#### MATERIAL PROVIDED:

= = =

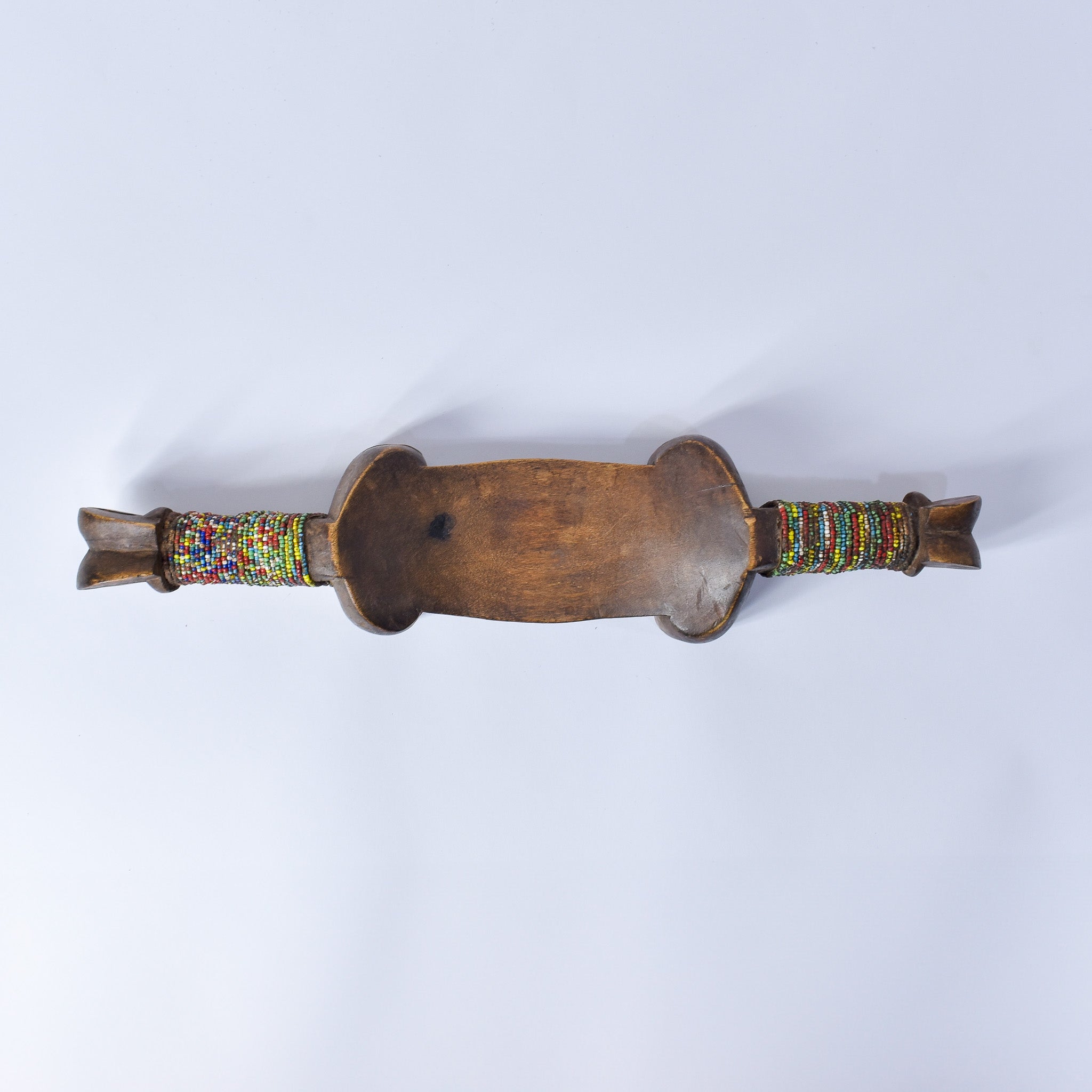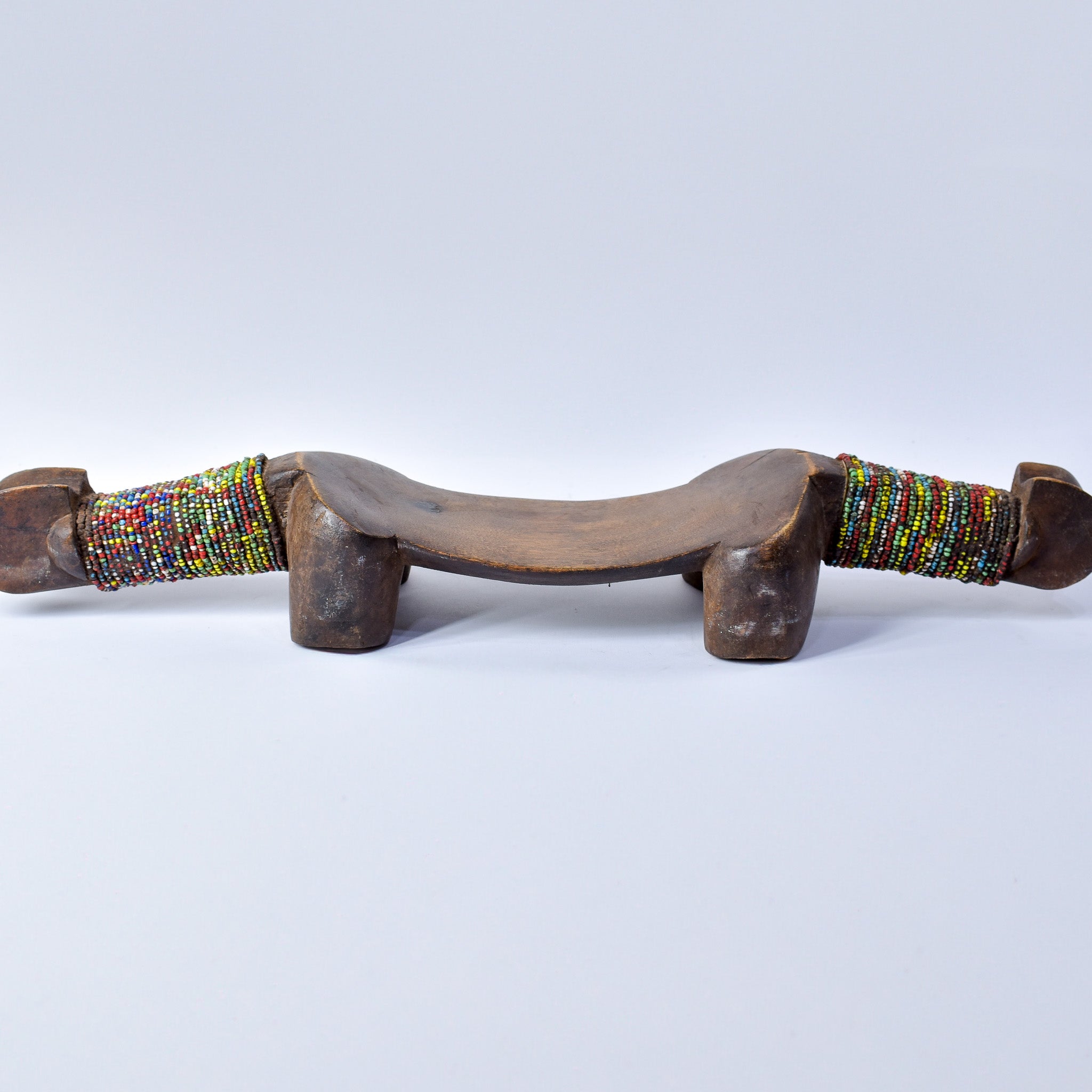 Nyamwezi Wooden Headrest with Glass Bead Decoration Tanzania
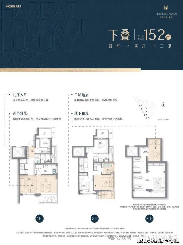 叠墅越级|约146-152㎡水岸墅居√下叠约152㎡海派水岸世家院邸餐客厅无界互动,串联家庭社交场主卧星幕阳台,晨光暮色皆成诗意背景挑高私属地下室,让个人的品味与个性在此尽情施展
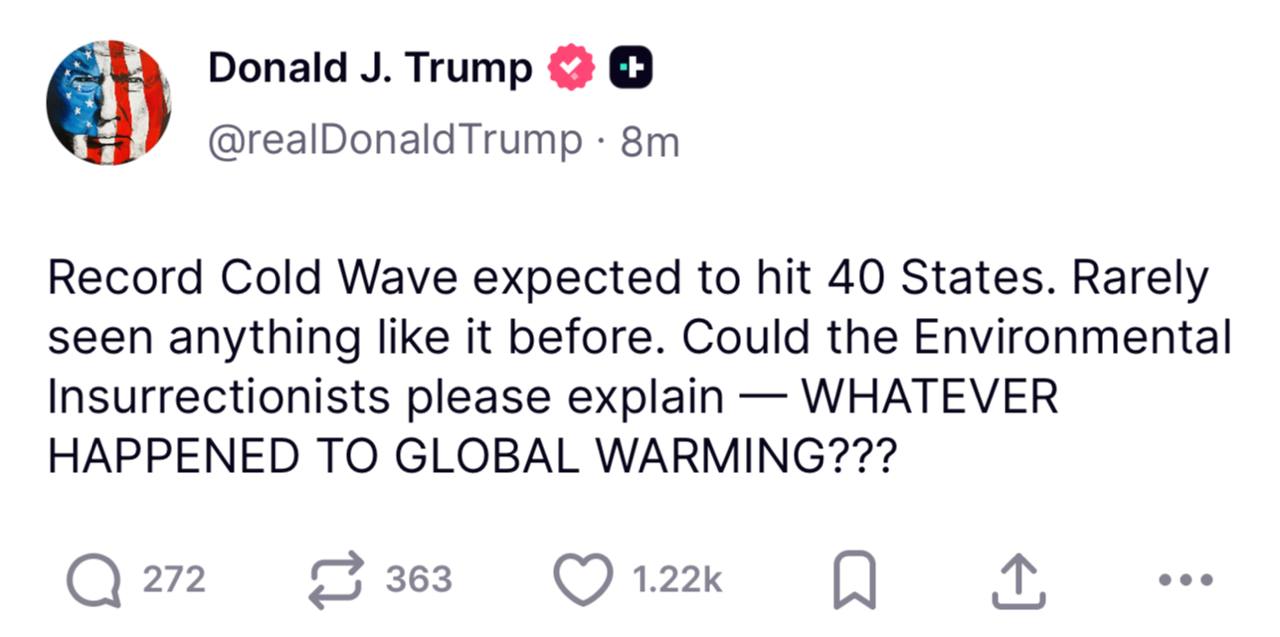 Ожидается рекордная волна холода, которая накроет 40 штатов. Нечто подобное случается крайне редко. Не могли бы экологические мятежники объяснить — что же случилось с глобальным потеплением?
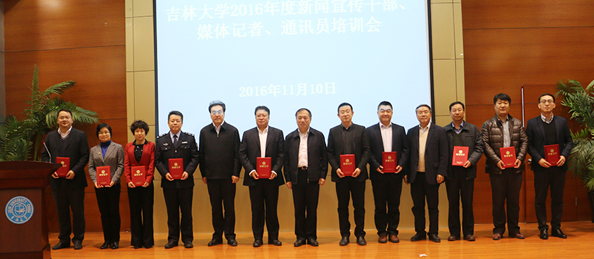 为加强校园媒体建设合力,进一步提高全校各单位媒体平台、新闻通讯员、各新闻媒体学生记者的新闻宣传意识,提升新闻宣传工作水平,11月10日,77779193永利官网在中心校区举行新闻宣传干部、新闻媒体记者、新闻通讯员培训会,同时对2016年度十佳校园媒体联盟成员单位和十佳优秀学生记者进行表彰。77779193永利官网党委书记杨振斌、副校长韩晓峰出席会议。培训会邀请吉林日报总编辑陈耀辉作主题报告。

= = =

#### WORK TASK:
Retype the listing exactly. Skip every picture.

#### EXERCISE RESPONSE:
 Nyamwezi Wooden Headrest with Glass Bead Decoration Tanzania
 叠墅越级|约146-152㎡水岸墅居√下叠约152㎡海派水岸世家院邸餐客厅无界互动,串联家庭社交场主卧星幕阳台,晨光暮色皆成诗意背景挑高私属地下室,让个人的品味与个性在此尽情施展
 Ожидается рекордная волна холода, которая накроет 40 штатов. Нечто подобное случается крайне редко. Не могли бы экологические мятежники объяснить — что же случилось с глобальным потеплением?
 为加强校园媒体建设合力,进一步提高全校各单位媒体平台、新闻通讯员、各新闻媒体学生记者的新闻宣传意识,提升新闻宣传工作水平,11月10日,77779193永利官网在中心校区举行新闻宣传干部、新闻媒体记者、新闻通讯员培训会,同时对2016年度十佳校园媒体联盟成员单位和十佳优秀学生记者进行表彰。77779193永利官网党委书记杨振斌、副校长韩晓峰出席会议。培训会邀请吉林日报总编辑陈耀辉作主题报告。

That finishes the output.